A neighbor of ours said that the DNR has found 3 dead Timberwolve in our area this winter. They all had extreme cases of mange and died from exposure. There have been quite a few sightings here by hunters, but there are so many deer I don't think they mind it as much as usual.


----------



## diamondtim (Jun 10, 2005)

A lot of hunters said they saw NO DEER during the last hunting season, but you do hear the wolves howling in the evening.

Saw a t-shirt in Northern WI two years ago. It said, "Get hooked on Wisconsin wolves. Smoke a pack a day.

That sentiment may begin to grow in the future.


----------



## Haggis (Mar 11, 2004)

We have plenty of wolves here on the Iron Range, and last year I took 6 deer off my own 100 acres.


----------



## Cabin Fever (May 10, 2002)

This one was killed during our drive into work one morning last winter. We were just a couple miles from our house when a logging truck, going the opposite direction, hit it.

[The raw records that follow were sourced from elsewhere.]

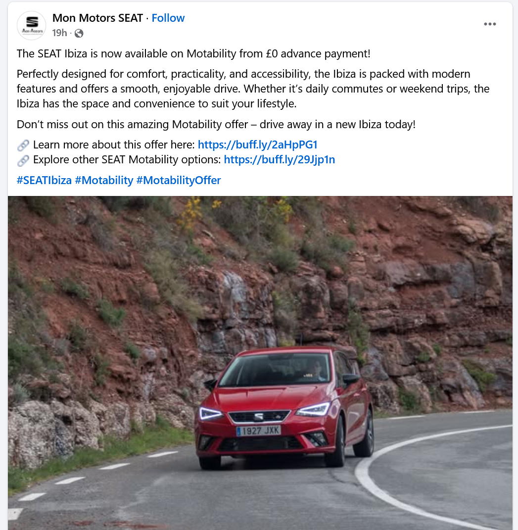 From the dealership’s fb page posted yesterday 15th April 25, Mon Motors Seat in Bristol and Gloucester are offering the Seat Ibiza from Nil AP (range normally starts at £395 AP):
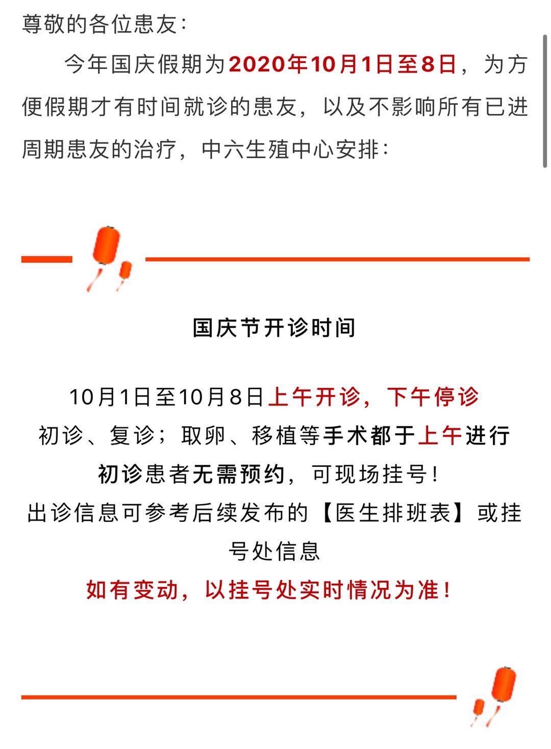 中六生殖中心365日无休门诊!中秋国庆长假,我们也为您开诊哦!
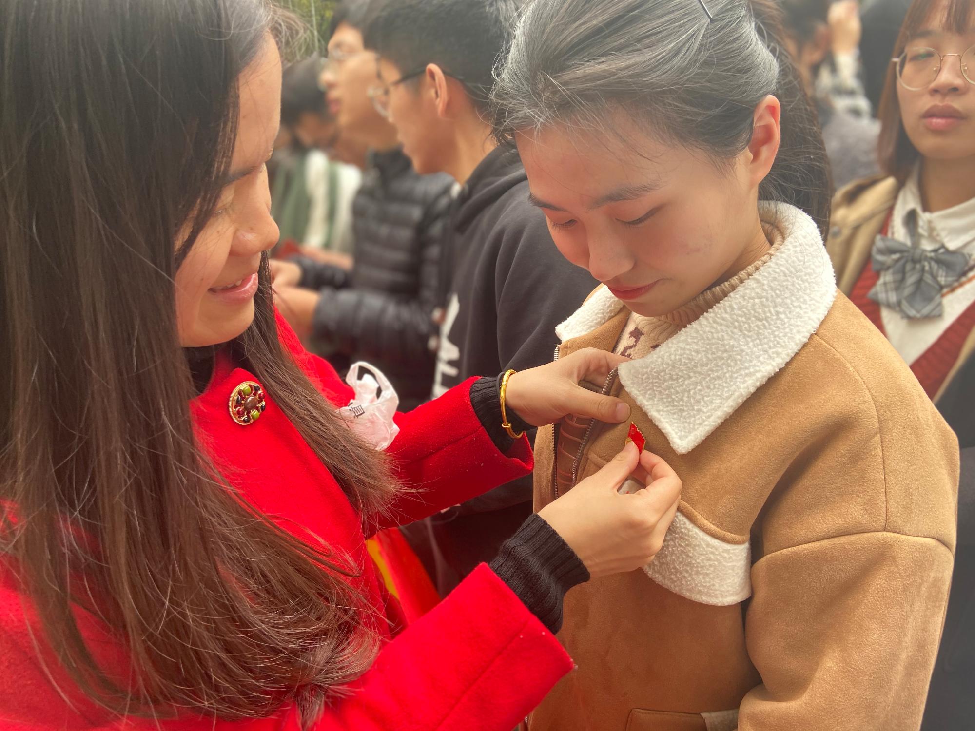 宣誓仪式上,老党员为新党员佩戴党徽、赠送政治生日贺卡,象征着共产党员责任的传承。
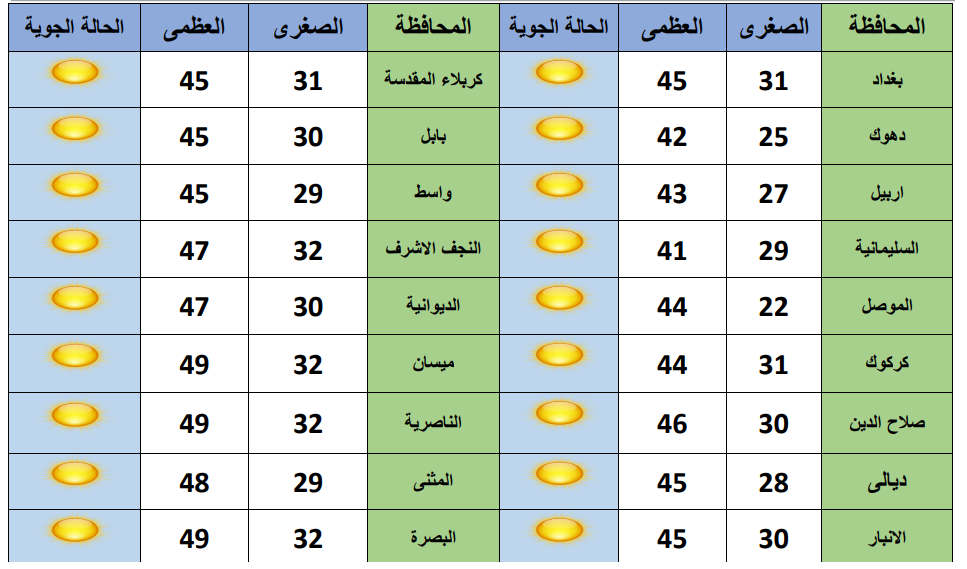 واشار الى ان بغداد ستسجل درجة حرارة عظمى تبلغ 45 درجة مئوية، فيما تسجل محافظات البصرة وميسان والناصرية 49 درجة مئوية، في حين تسجل السليمانية اقل درجات الحرارة والتي تصل لـ41 درجة مئوية.

We stopped and threw it in the back of our pick up and brought it into the Brainerd DNR office.

We've seen tracks in the snow, too and on ocassion hear a lobo howl in the middle of the night.


----------



## fishhead (Jul 19, 2006)

A few years ago I found a dead wolf on a frozen beaver pond. I was going to donate the skull to the nature center. When they contacted the DNR they were told do NOT transport the skull. While we waited for the permit and the CO to accompany me a mile off the road to the skull spring came, the ice melted and the skull sank to the bottom.


----------